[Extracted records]
*-*-*
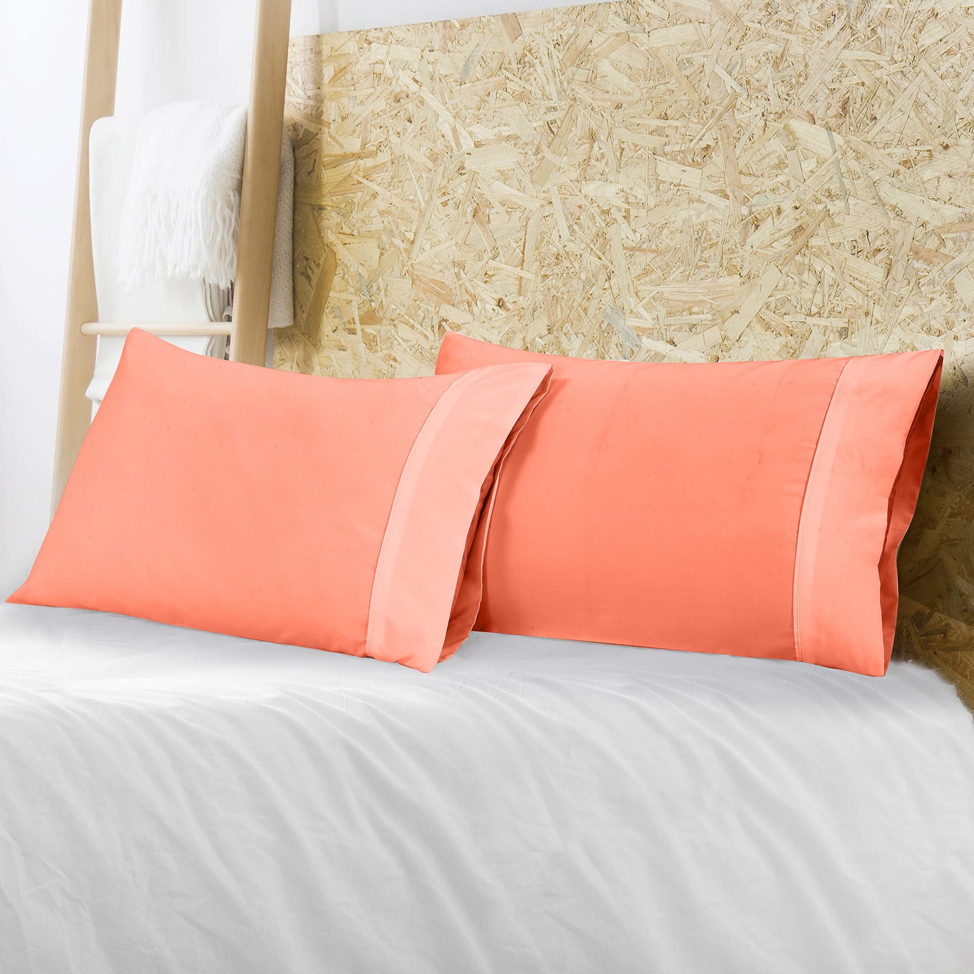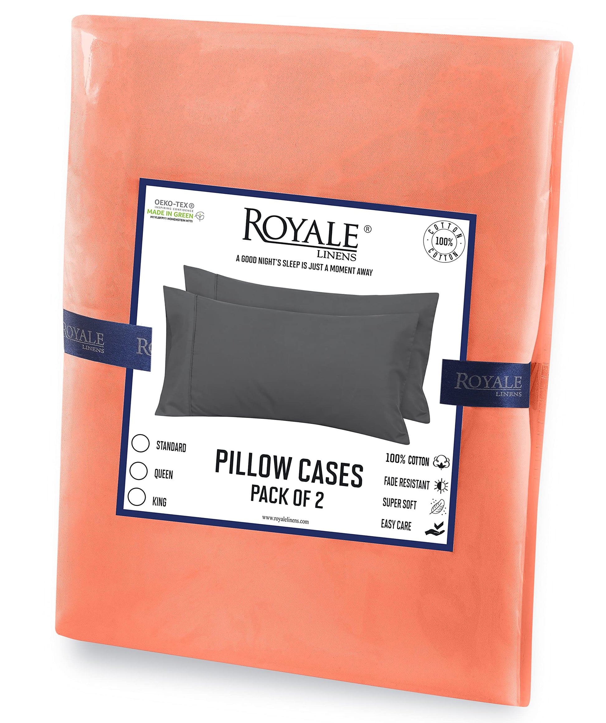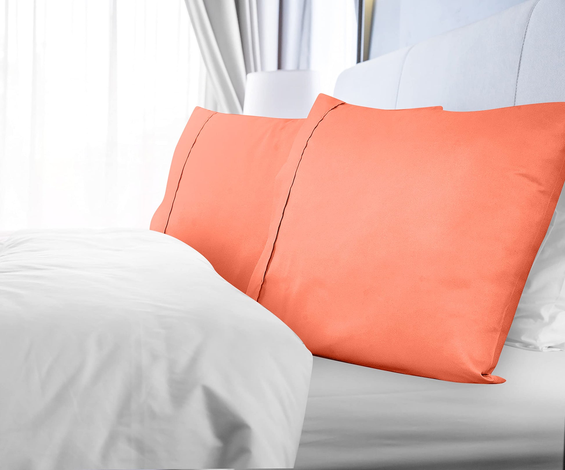 Royale Linens Pillowcase Set of 2 - Bed Pillow Cover - Coral Pillowcases - 1800 Brushed Microfiber, Wrinkle & Fade Resistant - Soft & Cozy- Pillow Case ( Coral)
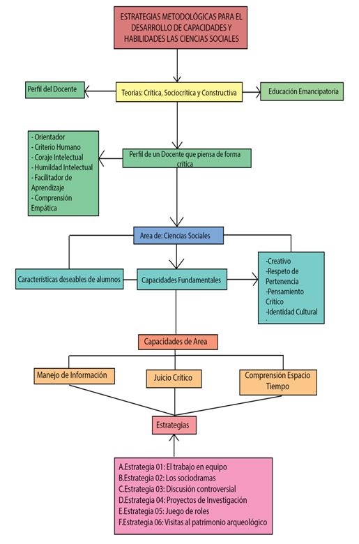 Las estrategias propuestas son: visitas al patrimonio arqueológico de la cultura Ñañañique, visitas a museos, trabajo en equipo, sociodramas, proyecto de investigación, discusión controversial, juego de roles. El cuadro 1 resume las estrategias metodológicas y los referentes teóricos que respaldan su efectividad.
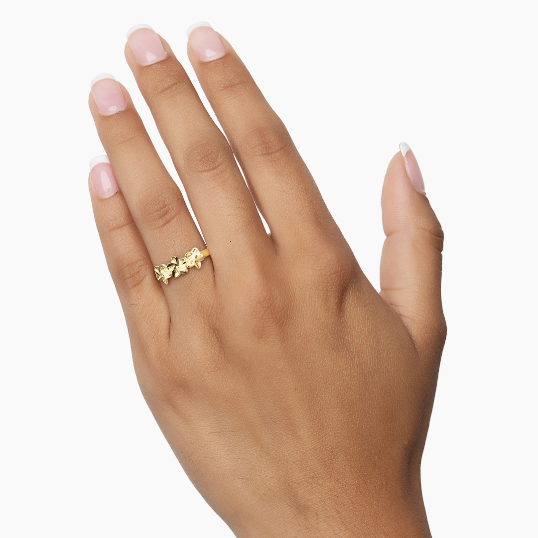14K YELLOW GOLD TRIPLE MINI PLUMERIA RING
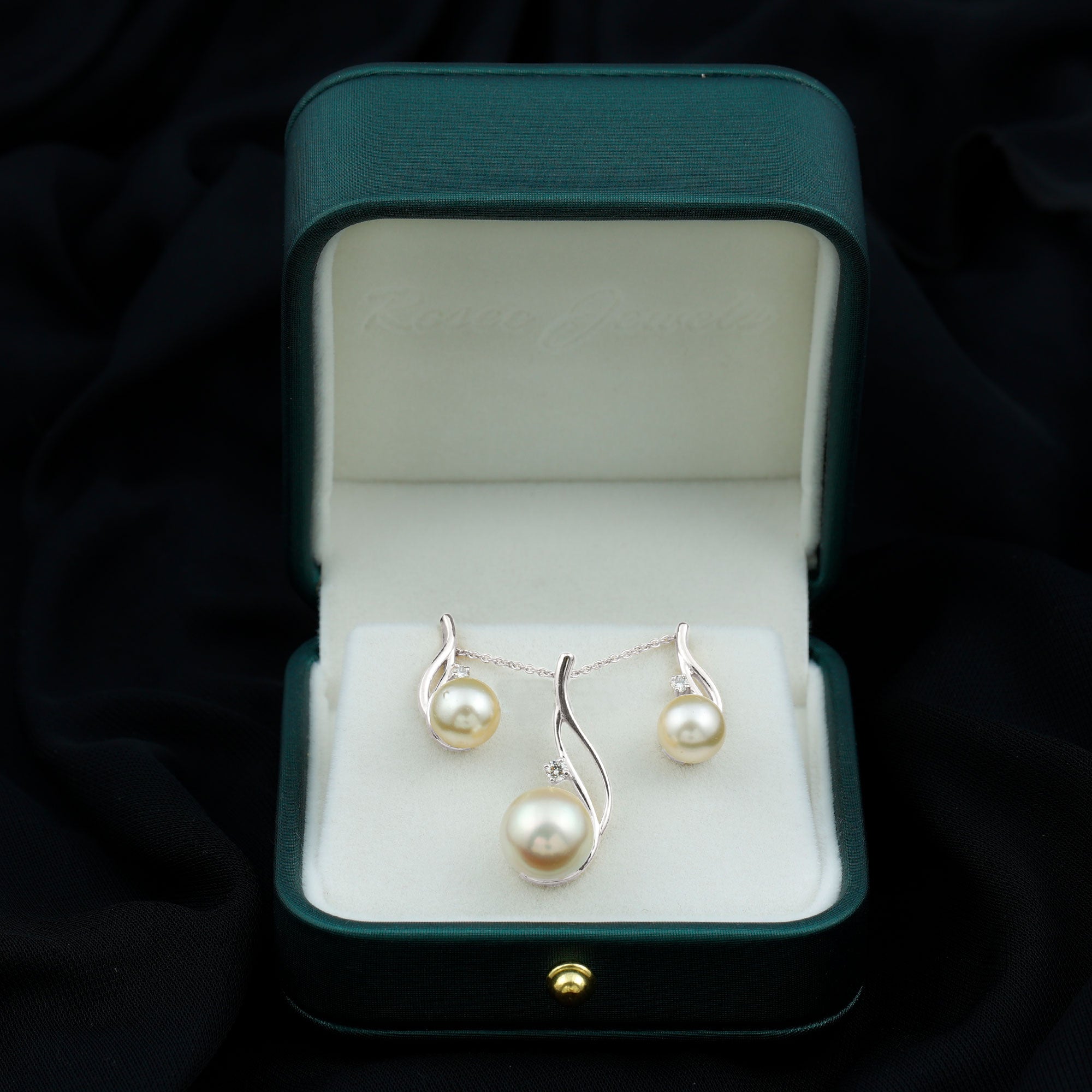 Simple and elegant, our exquisite Pendant and Earrings Set features metal leaf-shaped adorned with a single, lustrous Round South Sea Pearl and a brilliant Diamond stone. The matching earrings complement the necklace perfectly, creating a stunning ensemble. What makes it even more special is the range of metal options available, allowing you to customize this set to your unique style.
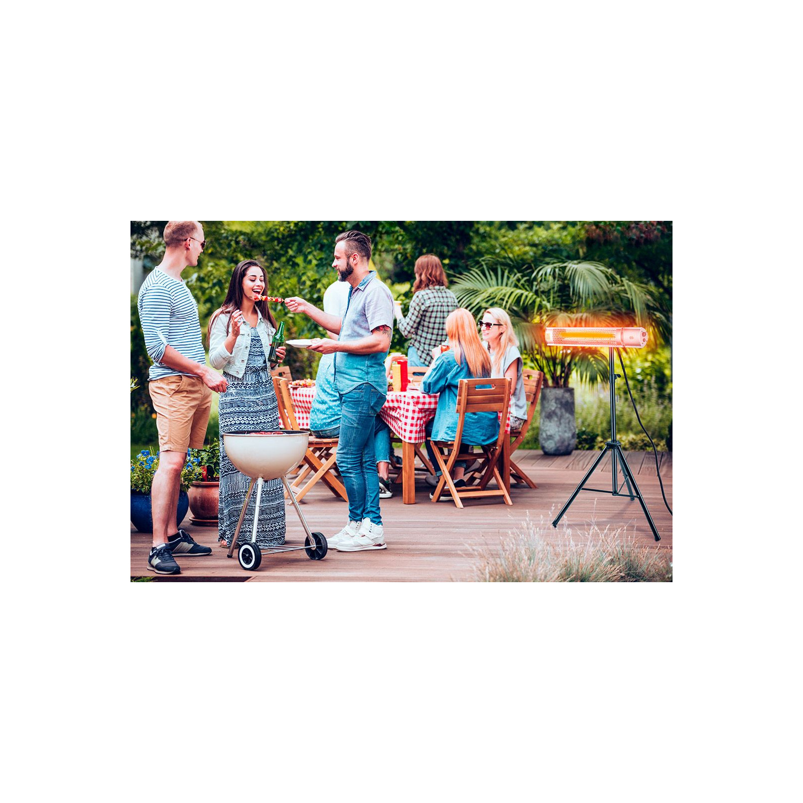 ІЧ-обігрівач 90-030 - це інфрачервоний електроприлад, який перетворює електричну енергію на тепло. Завдяки випромінюваним ІЧ-променям відчувається приємне та здорове тепло, ніби під час перебування на сонці. Обігрівач досягає повної потужності нагріву відразу після включення. Завдяки класу захисту IP65 він стійкий до несприятливих погодних умов та може використовуватись як на відкритому повітрі, так і у приміщенні.
*-*-*
Across all the lines above, repeat the wording exactly and omit the pictures.

SOLUTION TO THE PROBLEM
 Royale Linens Pillowcase Set of 2 - Bed Pillow Cover - Coral Pillowcases - 1800 Brushed Microfiber, Wrinkle & Fade Resistant - Soft & Cozy- Pillow Case ( Coral)
 Las estrategias propuestas son: visitas al patrimonio arqueológico de la cultura Ñañañique, visitas a museos, trabajo en equipo, sociodramas, proyecto de investigación, discusión controversial, juego de roles. El cuadro 1 resume las estrategias metodológicas y los referentes teóricos que respaldan su efectividad.
14K YELLOW GOLD TRIPLE MINI PLUMERIA RING
 Simple and elegant, our exquisite Pendant and Earrings Set features metal leaf-shaped adorned with a single, lustrous Round South Sea Pearl and a brilliant Diamond stone. The matching earrings complement the necklace perfectly, creating a stunning ensemble. What makes it even more special is the range of metal options available, allowing you to customize this set to your unique style.
 ІЧ-обігрівач 90-030 - це інфрачервоний електроприлад, який перетворює електричну енергію на тепло. Завдяки випромінюваним ІЧ-променям відчувається приємне та здорове тепло, ніби під час перебування на сонці. Обігрівач досягає повної потужності нагріву відразу після включення. Завдяки класу захисту IP65 він стійкий до несприятливих погодних умов та може використовуватись як на відкритому повітрі, так і у приміщенні.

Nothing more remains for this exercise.